By: Yolanda Rivas
2 min read February — Rowan College at Burlington County looks out for its students and has established several partnerships with the private sector to ensure a smooth transition from the classroom to the workplace. Still, shrinking birthrates on the East Coast present a challenge to remain competitive in the state, according to Michael A. Cioce, president of Rowan College at Burlington County.
What are the main qualities that distinguish Rowan College from other institutions in the region?
Access and affordability are built into the DNA of the institution. We have no direct competition within our county boundaries, but the state of New Jersey unfortunately has challenges. Many of our students have been recruited by Pennsylvania, New York and Delaware, among others, and it puts the responsibility on us to deliver a high-quality educational experience.
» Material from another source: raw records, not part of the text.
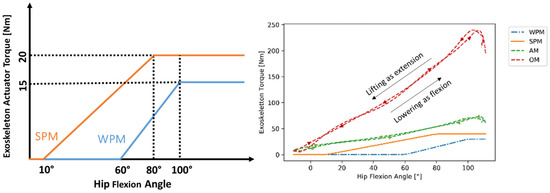 For the passive support modes, the torque was initially zero before reaching a certain hip flexion angle threshold; then, it increased linearly at an angle, until the hip angle reaches a second threshold, after which the torque remains constant. The angle thresholds and the progression rate of weak (WPM) and strong (SPM) passive modes were chosen to approximate the characteristics of the two example variants of existing systems, which can vary in the intensity of applied torque and bending angle offset, to understand potential biomechanical differences between passive variants [29,30].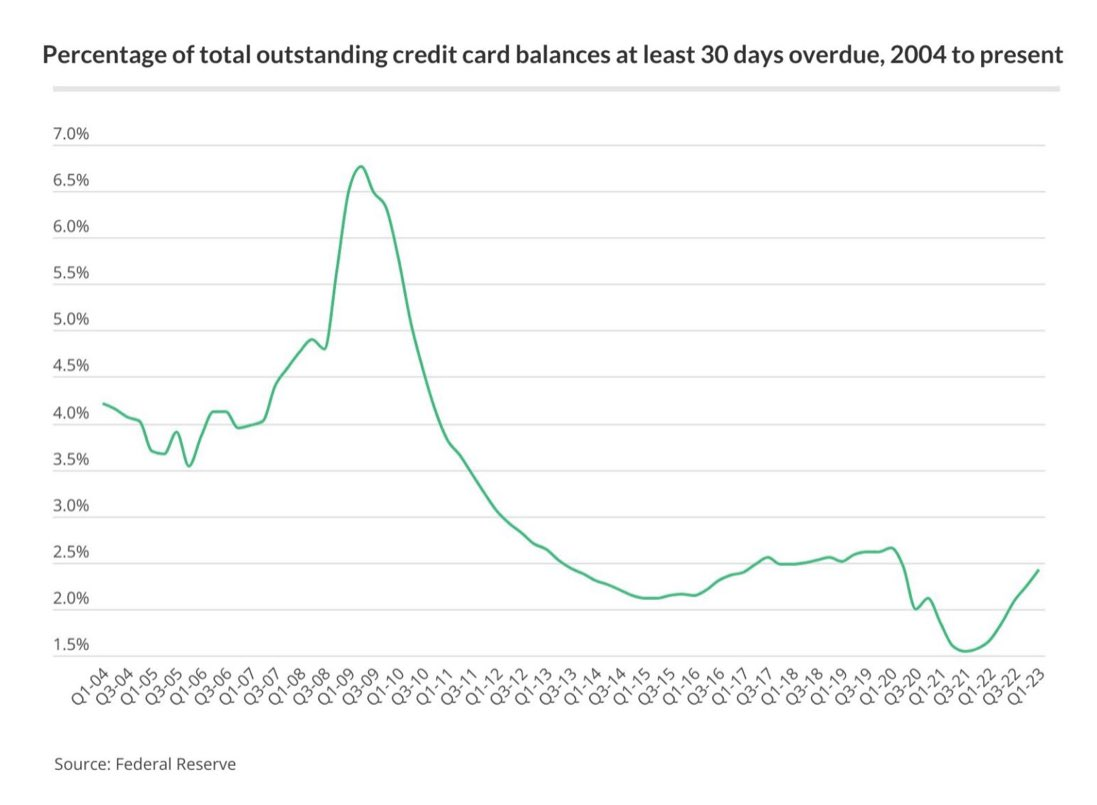 Jak pokazują nowe dane amerykańskiego banku centralnego, coraz więcej Amerykanów nie jest w stanie spłacić zadłużenia na kartach kredytowych. Odsetek zadłużenia kart kredytowych przekraczającego 30 dni wzrósł szósty kwartał z rzędu. Amerykańscy konsumenci coraz gorzej radzą sobie z inflacją, ale co to oznacza dla kursu Bitcoina (BTC)?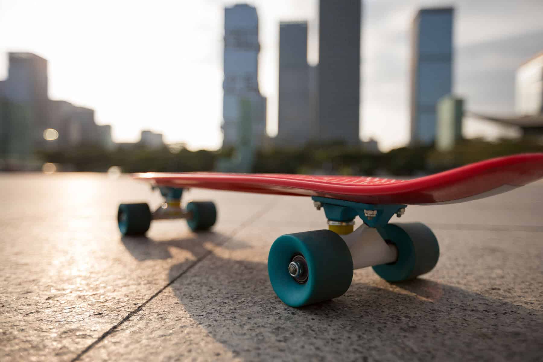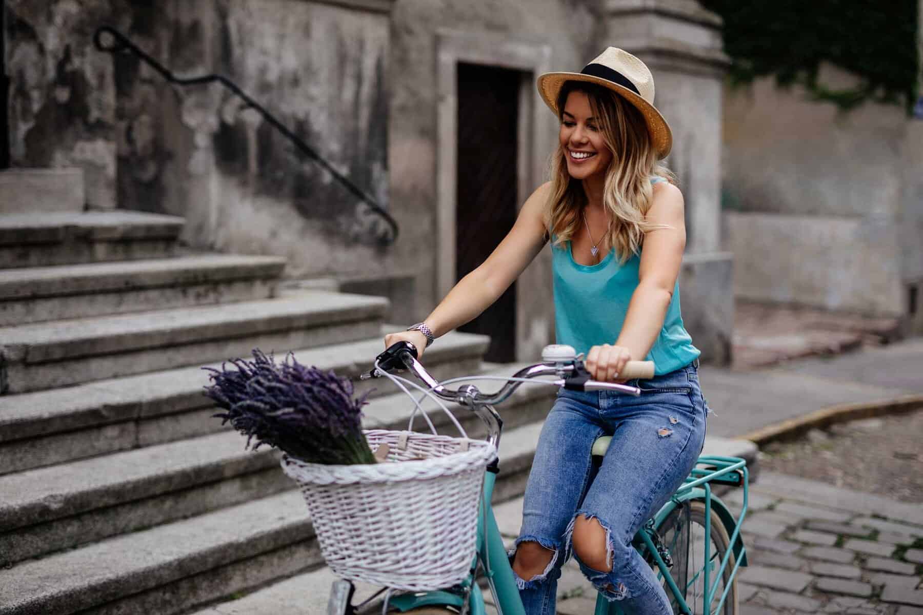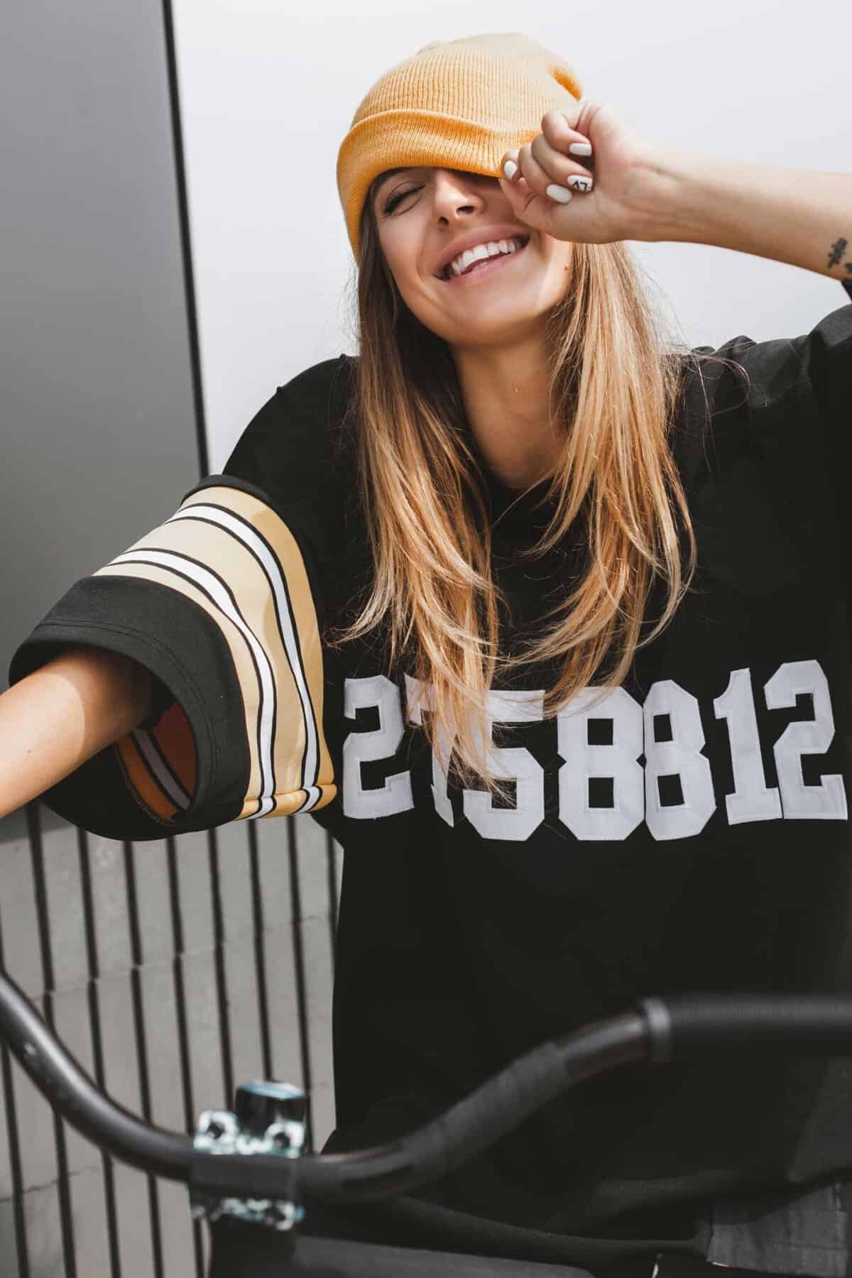 23. Smilende ung kvinde med solbriller, bordeaux rygsæk og stråhat på gaden i solskin.

We have approximately 9,000 students in any given semester, which makes us a medium-sized institution. Despite that number, my cabinet, my deans, directors and I all know our students. You are not going to come here and just be a transaction, and that matters to students because they have options and alternatives. We have competitors encroaching on our front door. Online education has grown exponentially over the last 20 years, so students can go wherever they want and I think that value that the personal connection provides differentiates us from many larger institutions.
In tandem with that, we have linkages directly into our local workforce, which assists students in gaining entry into the workforce.
What are the college’s most in-demand programs and courses?
Anything related to the health sciences sector. Our nursing program has a waiting list, and demand greatly outpaces available seats. Part of that is that students know they are going to be employed upon graduation. Our partnership with Virtua Health System, one the region’s largest healthcare employers, is amazing. Our students are not going to graduate with us simply saying, “good luck.” Through our workforce development programs and partnerships, such as that with Virtua and other employers, our students are getting real on-the-ground training that allows them to cross seamlessly into a job. Many of our students are offered employment prior to graduation.
We partnered with an economic analytics firm to conduct an economic impact study that uncovered three prongs where this institution drives value to the area. First, obviously, is training the students locally. They are coming to our campus, living nearby, buying food at local restaurants and working here. Second, as an employer. We employ over a thousand people in any given year, probably more than that. We are not the size of Virtua, but we are not a Mom and Pop store. Third is alumni: students who trained here, stayed here, and are also going to be champions of this institution. That is sort of our hat trick that scores big for the region. The report determined that RCBC’s economic impact on the Burlington County regional economy is $504.9 million in a year.
What are the main challenges facing both Rowan College and the education system at large in South Jersey?
The birth rate has declined over the last 20 years and as a sector that is heavily reliant on high-school graduates, the enrollment curve is going to be challenging over the next couple of years. This is something that is larger than the college and the county, it is actually affecting the entire East Coast. As a community college, we enroll many adult students and we are not entirely reliant on that 12th-grade population. We have a higher percentage of adult learners than our peers, which gives us a little bit of a buffer, but the overall trend, is definitely going to be a challenge because as the main pool of students shrinks, there is going to be increased competition for them.